Step 1. Create a test table and insert data.
CREATE TABLE event(uid string, event string, ds date);INSERT INTO event VALUES
("user1", "pay", "2022-05-01"),
("user1", "login", "2022-05-01"),
("user1", "pay", "2022-05-02"),
("user1", "login", "2022-05-02"),
("user2", "login", "2022-05-01"),
("user3", "login", "2022-05-02"),
("user3", "pay", "2022-05-03"),
("user3", "pay", "2022-05-04");Sample data:
+-------+-------+------------+
| uid | event | ds |
+-------+-------+------------+
| user1 | login | 2022-05-01 |
| user1 | pay | 2022-05-01 |
| user1 | login | 2022-05-02 |
| user1 | pay | 2022-05-02 |
| user2 | login | 2022-05-01 |
| user3 | login | 2022-05-02 |
| user3 | pay | 2022-05-03 |
| user3 | pay | 2022-05-04 |
+-------+-------+------------+Step 2. Compute per-user retention status.
SELECT
uid,
r
FROM (
SELECT
uid,
retention_range_count(
event = 'login', -- Activation event
event = 'pay', -- Retention event
ds,
array(1, 2) -- Track day-1 and day-2 retention
) AS r
FROM event
GROUP BY uid
) AS t
ORDER BY uid;Sample result:
+-------+-----------------------------+
| uid | r |
+-------+-----------------------------+
| user1 | [[738642,0,0],[738641,1,0]] |
| user2 | [[738641,0,0]] |
| user3 | [[738642,1,1]] |
+-------+-----------------------------+Each inner array contains [start_date_as_days, day1_retained, day2_retained]. For example, user3 logged in on May 2 (day number 738642) and made a payment on both May 3 (day 1) and May 4 (day 2).

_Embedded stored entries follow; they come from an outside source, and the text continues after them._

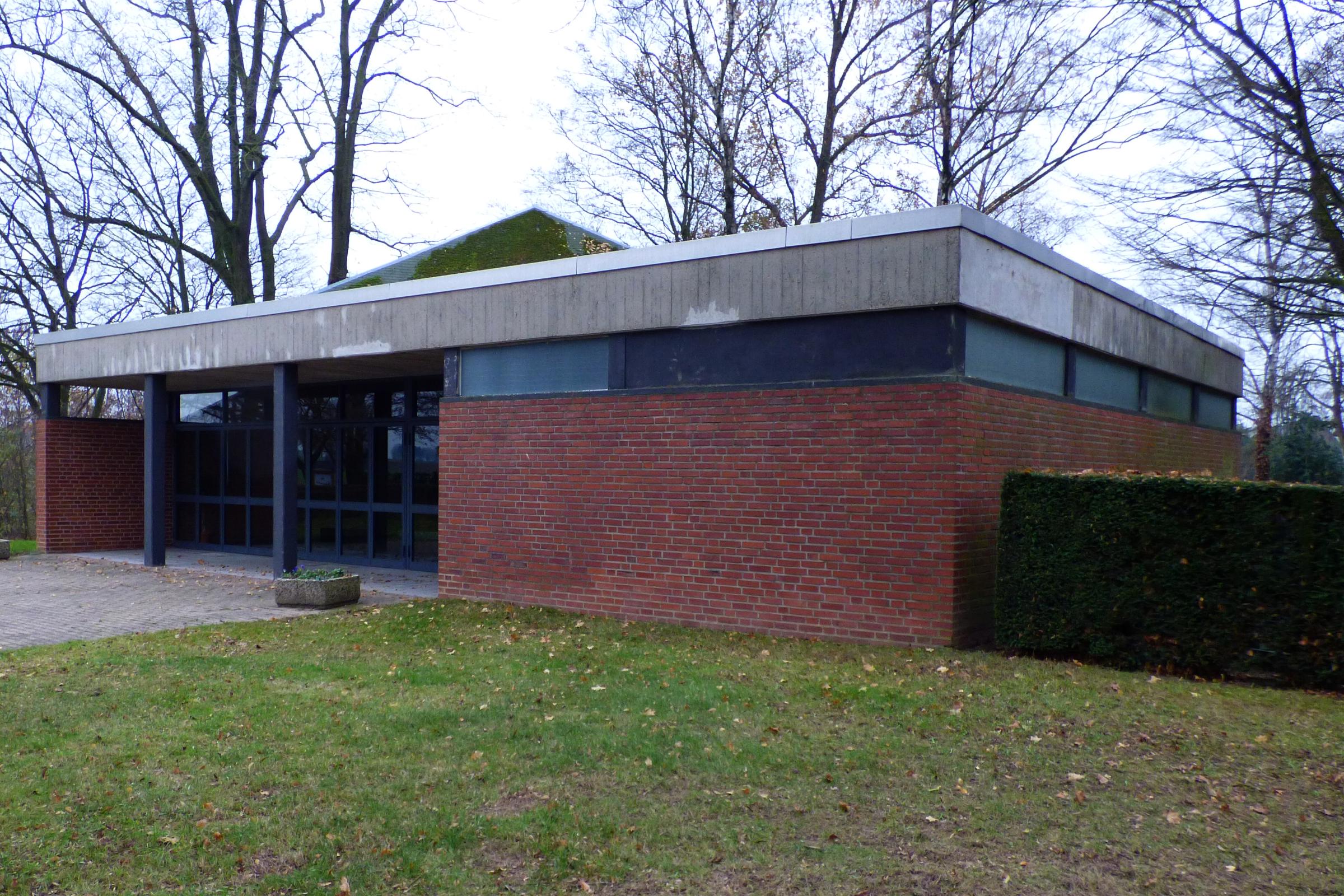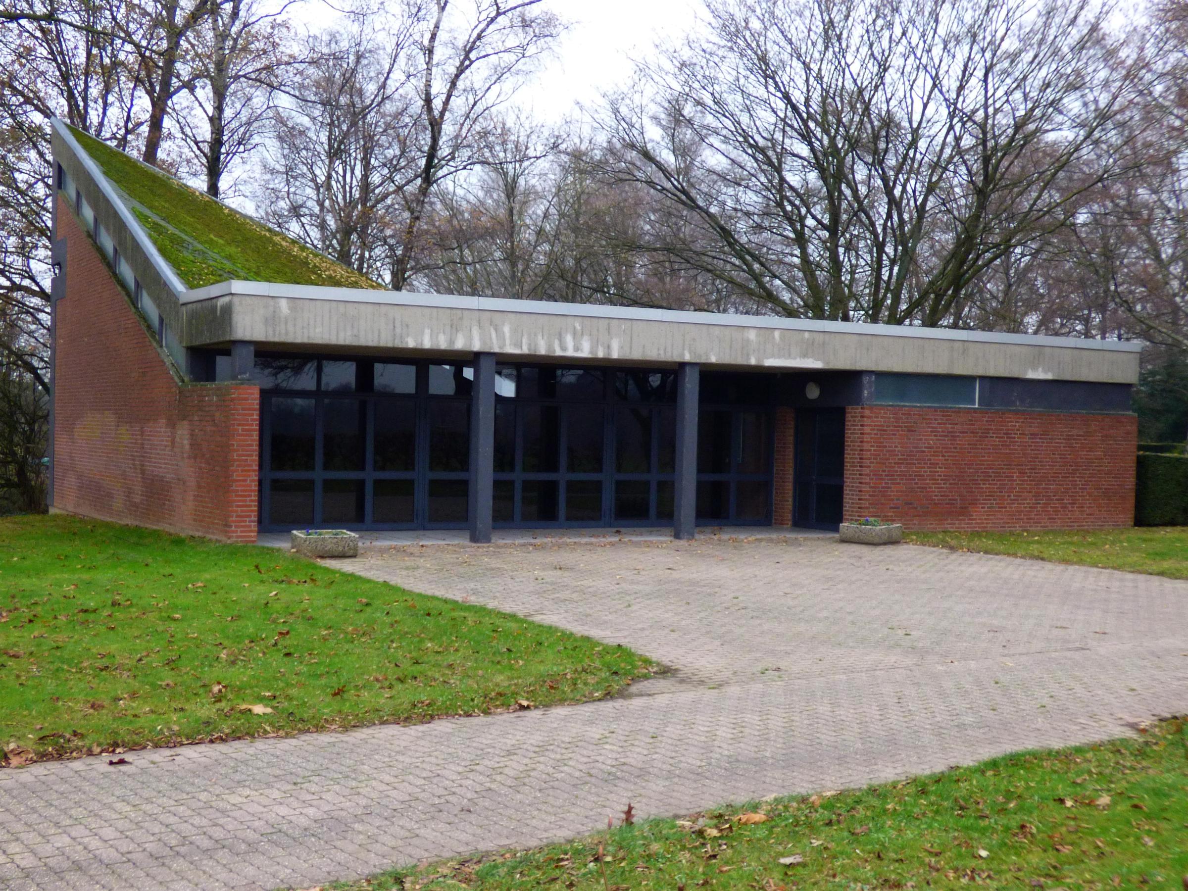 Standort: Die Friedhofshalle befindet sich auf dem Friedhof Lövenich, in der Stadt Erkelenz. Sie ist Bestandteil der Friedhofanlage. Beschreibung: Die Friedhofshalle ist ein schlichter, verklinkerter Ziegelsteinbau mit einem Flachdach. Eine schmale Buntverglasung befindet sich an der Südseite der Halle. Die Halle ist Ausgangspunkt für die Beerdigungen und Beisetzungen auf diesem Friedhof. Quellenhinweis: * Schriftenreihe des Heimatvereins der Erkelenzer Lande e.V. Nr. 17 Zeichen am Wege S. 101 von Paul Blaesen
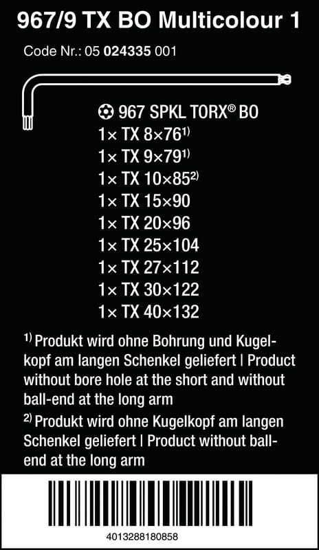 ZESTAW KLUCZY TRZPIENIOWYCH TORX MULTICOLOUR TX8-TX40 WERA W05024335001
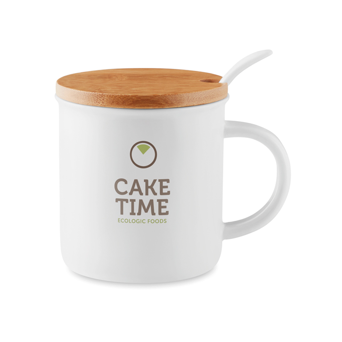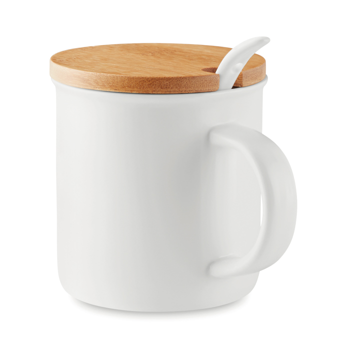 Taza de porcelana con tapa de bambú y cuchara: el regalo promocional que destaca en calidad y diseño
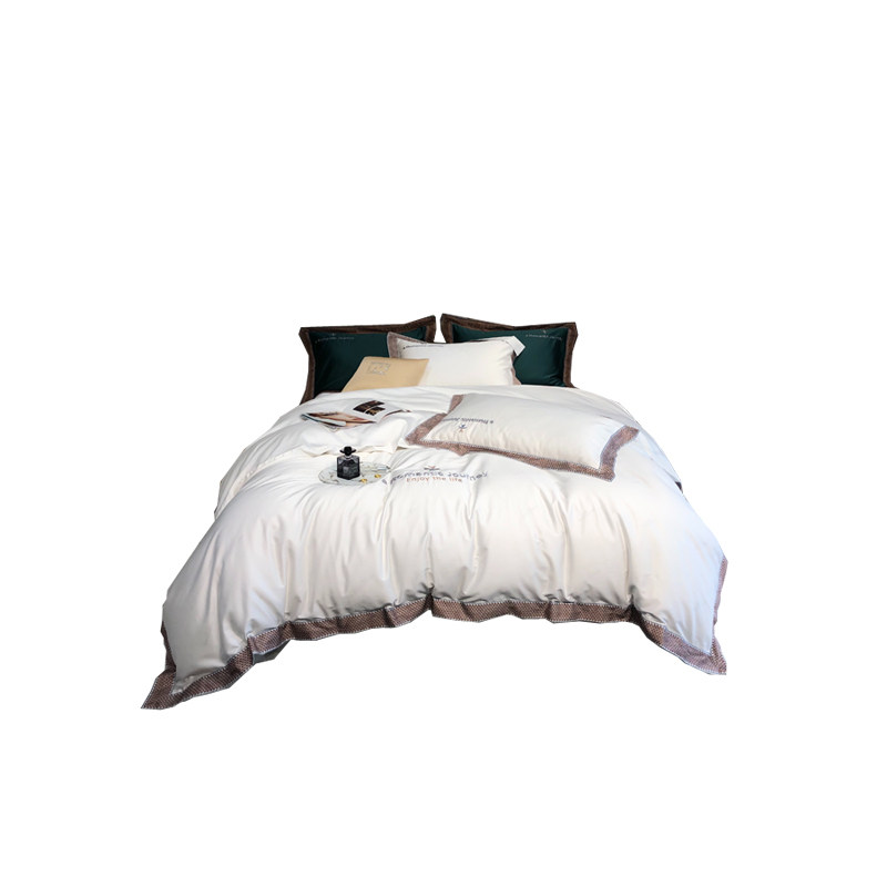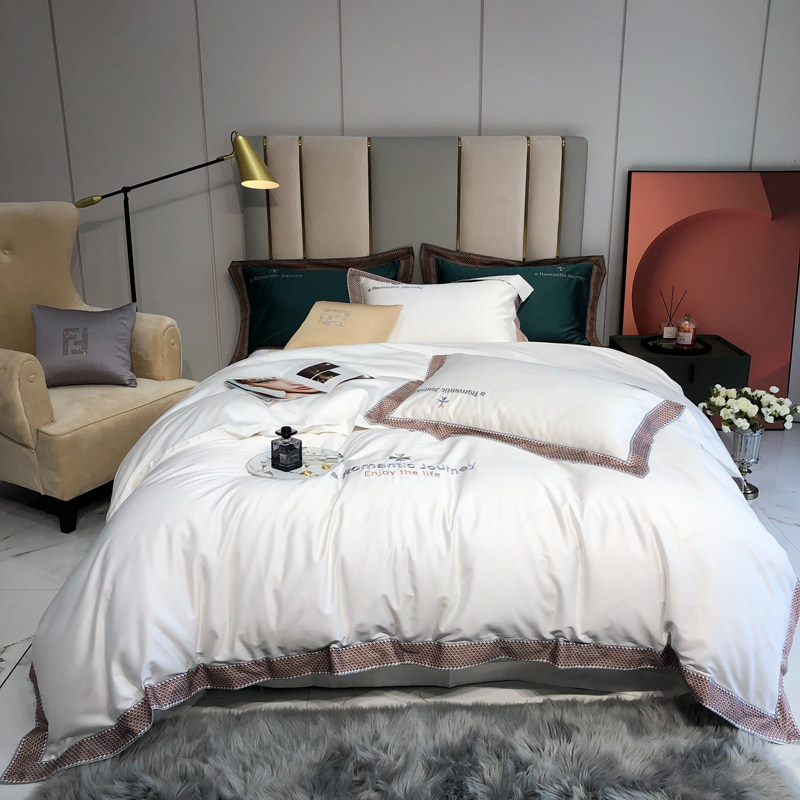 Simple and light luxury 100 double-strand Australian cotton cotton embroidery model room four-piece set of solid color naked sleep 1 8 bedding
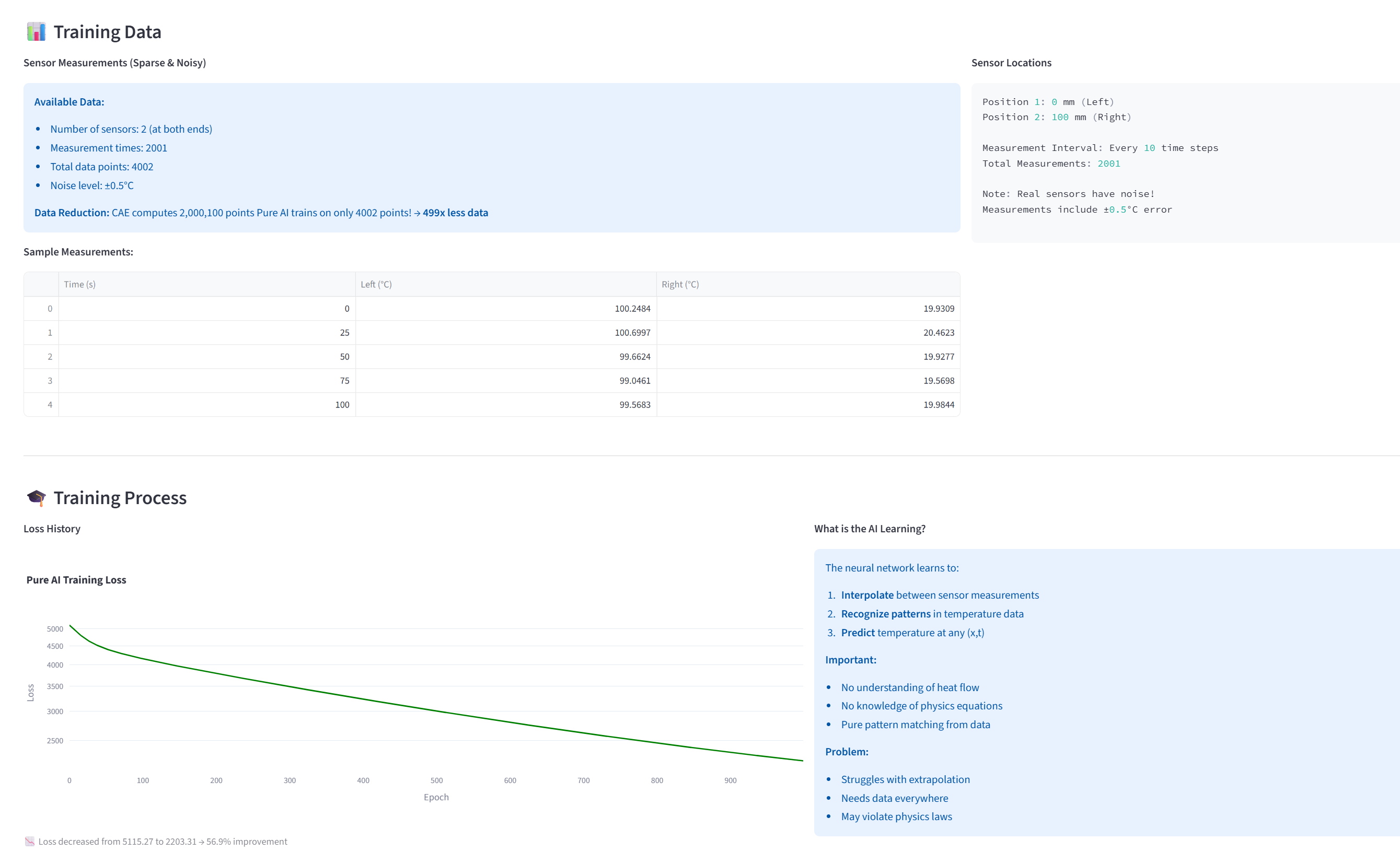 게다가 현실에서는 센서 데이터에 노이즈가 있고, 모든 시간대를 다 측정할 수도 없습니다. 이런 제한된 데이터로는 순수 AI의 성능이 더욱 떨어집니다.
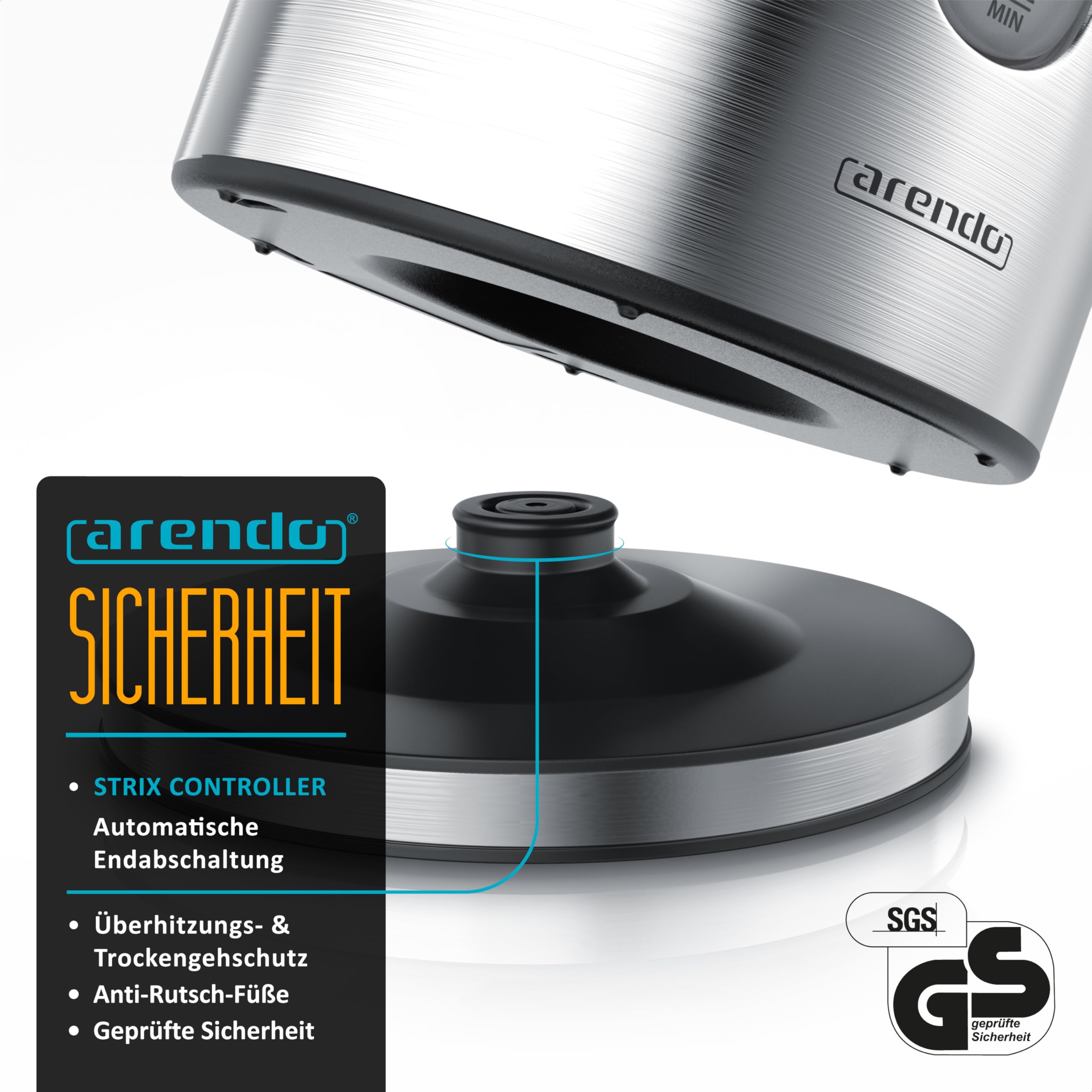 Arendo - Wasserkocher mit Temperatureinstellung - Edelstahl - Temperaturauswahl 35°C bis 100°C – LED Display – Warmhaltefunktion – One-Touch Deckelöffnung – Sichtfenster für Wasserskala
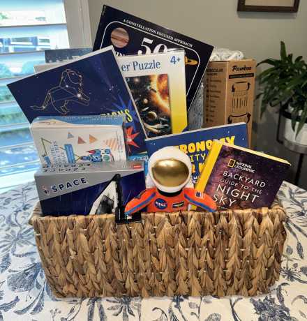 Blast off into a world of imagination with this intergalactic-themed gift basket, generously created by our 1st grade class! Packed with space-inspired toys, books, and cozy essentials, this bundle is perfect for curious kids who dream of stars, planets, and beyond.

Step 3. Aggregate to get daily retention rates across all users.
SELECT
from_days(u[1]) AS ds,
u[3] / u[2] AS retention_d1,
u[4] / u[2] AS retention_d2
FROM (
SELECT retention_range_sum(r) AS r
FROM (
SELECT
uid,
retention_range_count(
event = 'login',
event = 'pay',
ds,
array(1, 2)
) AS r
FROM event
GROUP BY uid
) AS t
ORDER BY uid
) AS r,
unnest(r.r) AS t(u);Sample result:
+------------+--------------+--------------+
| ds | retention_d1 | retention_d2 |
+------------+--------------+--------------+
| 2022-05-02 | 0.5 | 0.5 |
| 2022-05-01 | 0.5 | 0.0 |
+------------+--------------+--------------+On May 1, two users logged in (user1 and user2). Only user1 paid on May 2 (day 1 after activation), so day-1 retention for May 1 is 0.5. Neither user paid on May 3 (day 2 after activation), so day-2 retention for May 1 is 0.0. On May 2, two users logged in (user1 and user3). Both paid within the next two days, so both day-1 and day-2 retention are 0.5 for users who activated on May 2.